> Problem description:
Each line below from the "Ngoài ra, với" line through the "метал в цвят" line, those two included, must be restated word for word; the pictures must not be.

> Records to use:
· · · · ·

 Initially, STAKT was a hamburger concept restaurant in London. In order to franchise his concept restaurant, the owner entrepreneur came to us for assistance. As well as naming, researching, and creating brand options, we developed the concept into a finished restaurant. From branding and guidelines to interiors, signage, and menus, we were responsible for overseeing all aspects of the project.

· · · · ·

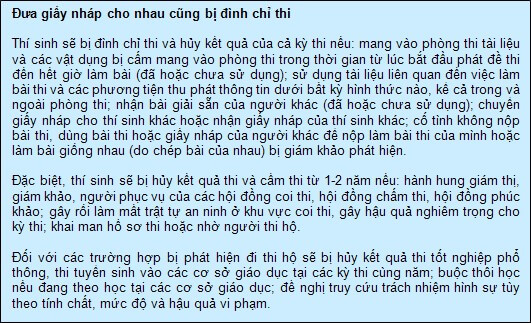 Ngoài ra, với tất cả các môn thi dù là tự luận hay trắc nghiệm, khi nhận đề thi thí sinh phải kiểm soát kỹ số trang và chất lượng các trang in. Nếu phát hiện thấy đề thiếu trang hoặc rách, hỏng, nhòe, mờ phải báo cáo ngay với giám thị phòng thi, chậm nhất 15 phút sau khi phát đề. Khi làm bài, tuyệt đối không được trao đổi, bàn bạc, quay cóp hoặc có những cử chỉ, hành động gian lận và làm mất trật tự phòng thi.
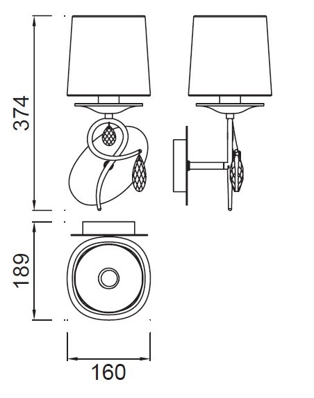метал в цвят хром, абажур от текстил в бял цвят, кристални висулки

· · · · ·

> Task result:
 Ngoài ra, với tất cả các môn thi dù là tự luận hay trắc nghiệm, khi nhận đề thi thí sinh phải kiểm soát kỹ số trang và chất lượng các trang in. Nếu phát hiện thấy đề thiếu trang hoặc rách, hỏng, nhòe, mờ phải báo cáo ngay với giám thị phòng thi, chậm nhất 15 phút sau khi phát đề. Khi làm bài, tuyệt đối không được trao đổi, bàn bạc, quay cóp hoặc có những cử chỉ, hành động gian lận và làm mất trật tự phòng thi.
метал в цвят хром, абажур от текстил в бял цвят, кристални висулки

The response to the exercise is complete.